Puis, toujours dans cette logique de “test & learn”, il définit et met en place un process plus ficelé pour optimiser sa stratégie et qu’elle soit la plus rentable possible. 

En bref, l’objectif du Growth Hacker c’est de créer des “quick wins” pour augmenter le nombre d’utilisateurs. Souvent on trouve ce profil au sein de petites startups (moins de 20 personnes) où son rôle prend tout son sens puisqu’il teste plein de petites idées pour avancer rapidement ou encore pour pallier un manque de gros budget de communication par exemple. Néanmoins, sa priorité reste généralement l’acquisition. 

Le Growth Manager, pour sa part, travaille sur l’intégralité du funnel AARRR. Pour ce faire, il recrute une équipe “Growth” composée (au mieux) de : 

  • développeurs front
  • designers UX-UI 
  • data analysts

Ensemble, ils développent de nouvelles fonctionnalités qu’ils testent indépendamment de l’équipe Produit. Il s’agit souvent d’équipes relativement restreintes de 8-10 personnes au sein de startups entre 20 et 150 salariés. 

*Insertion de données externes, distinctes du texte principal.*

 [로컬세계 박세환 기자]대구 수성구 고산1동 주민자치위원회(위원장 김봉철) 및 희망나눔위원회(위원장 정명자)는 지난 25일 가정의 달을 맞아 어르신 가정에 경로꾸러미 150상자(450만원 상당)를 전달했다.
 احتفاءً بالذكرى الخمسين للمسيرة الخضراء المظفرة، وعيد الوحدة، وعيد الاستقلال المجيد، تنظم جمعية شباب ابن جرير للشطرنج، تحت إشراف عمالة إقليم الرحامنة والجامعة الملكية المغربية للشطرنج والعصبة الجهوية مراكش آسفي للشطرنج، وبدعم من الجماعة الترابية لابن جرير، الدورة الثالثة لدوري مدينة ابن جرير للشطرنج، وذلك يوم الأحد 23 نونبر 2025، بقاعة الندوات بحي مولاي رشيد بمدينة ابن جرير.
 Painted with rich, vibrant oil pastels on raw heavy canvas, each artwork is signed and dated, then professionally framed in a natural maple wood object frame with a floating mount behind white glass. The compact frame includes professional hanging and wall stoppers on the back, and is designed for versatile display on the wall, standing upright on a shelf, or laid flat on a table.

Le “hacker” décolle, le “manager” pilote

Et pour cause : au moment où l’on passe du Growth Hacking au Management, on change de structure d’équipe, de méthodologie mais aussi d’état d’esprit. Il ne s’agit plus de “hacker” mais bien d’optimiser et de mettre sur des rails : manager la croissance implique de mettre en place des process et d’adopter une culture très “data driven”.

Process et méthode d’une Growth Team dirigée par le Growth Manager

Pour qu’une équipe Growth fonctionne de manière optimale il faut : 

1/ Apprendre des utilisateurs en récupérant un maximum de feedbacks et de données.

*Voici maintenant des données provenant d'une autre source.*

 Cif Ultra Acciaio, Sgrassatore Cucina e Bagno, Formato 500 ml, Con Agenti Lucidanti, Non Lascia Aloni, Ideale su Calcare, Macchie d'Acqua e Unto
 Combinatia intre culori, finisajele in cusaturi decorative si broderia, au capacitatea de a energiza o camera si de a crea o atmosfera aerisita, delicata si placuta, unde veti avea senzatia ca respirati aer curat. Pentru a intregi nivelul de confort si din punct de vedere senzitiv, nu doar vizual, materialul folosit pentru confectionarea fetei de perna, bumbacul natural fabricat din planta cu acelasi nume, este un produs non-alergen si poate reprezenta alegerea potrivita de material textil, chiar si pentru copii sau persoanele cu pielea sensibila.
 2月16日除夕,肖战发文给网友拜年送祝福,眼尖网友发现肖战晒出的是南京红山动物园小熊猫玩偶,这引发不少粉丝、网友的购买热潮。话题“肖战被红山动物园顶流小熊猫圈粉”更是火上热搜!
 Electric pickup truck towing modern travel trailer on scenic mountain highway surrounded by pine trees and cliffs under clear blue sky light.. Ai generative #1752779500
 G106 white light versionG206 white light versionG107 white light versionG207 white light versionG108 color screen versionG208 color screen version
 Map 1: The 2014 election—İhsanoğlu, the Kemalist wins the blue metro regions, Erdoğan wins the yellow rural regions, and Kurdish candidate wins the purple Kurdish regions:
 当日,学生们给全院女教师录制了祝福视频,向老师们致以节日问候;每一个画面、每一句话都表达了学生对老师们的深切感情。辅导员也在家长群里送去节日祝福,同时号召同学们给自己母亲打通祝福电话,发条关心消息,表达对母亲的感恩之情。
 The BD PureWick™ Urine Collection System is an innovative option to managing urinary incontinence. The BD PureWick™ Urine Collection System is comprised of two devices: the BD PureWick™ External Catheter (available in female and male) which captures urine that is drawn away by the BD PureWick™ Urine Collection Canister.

2/ Brainstormer et ce, de manière méthodique, notamment en mettant à contribution un maximum de personnes de l’entreprise.

3/ Prioriser : on ne peut pas tout faire, alors il faut hiérarchiser les besoins.

4/ Tester : avant de lancer de gros budgets, toujours être dans une logique de test & learn.

5/ Mesurer et monitorer : le succès, c’est de bien traiter la donnée et d’agir en conséquence des résultats.

La Growth, c’est un changement de structure d’équipe, d’état d’esprit, de méthodologie. Ce ne sont pas des tactiques ou des hacks”, Brian Balfour (ex-VP Growth de Hubspot).

Que vous recrutiez ou que vous postuliez : vous devez maîtriser ces différences

Un excellent Growth Hacker ne sera pas forcément un bon Growth Manager et inversement.

Le “hacker” est animé par un sens entrepreneurial très fort, une envie de tester et d’atteindre des résultats probants rapidement. Le manager sera plus dans la “gestion de projet” et aimera diriger une équipe et créer des process sur le long terme. Bref, ils ont des personnalités différentes. 

En termes de compétences c’est la même chose : le hacker est un entrepreneur dans l’âme, il teste plein de canaux pour apprendre vite, il est analytique et très “mains dans le cambouis”. Le Growth Manager a plutôt intérêt à être excellent pour bien leader son équipe, savoir fédérer et créer des reportings de données de résultats autrement plus complexes et ficelés. Par contre, c’est moins grave s’il n’apprend pas vite à tester sur un nouveau canal d’acquisition car ce ne sera pas sa priorité. 

Que ce soit pour identifier votre besoin en interne ou postuler, identifier clairement ce que vous recherchez vous évitera de perdre du temps inutilement.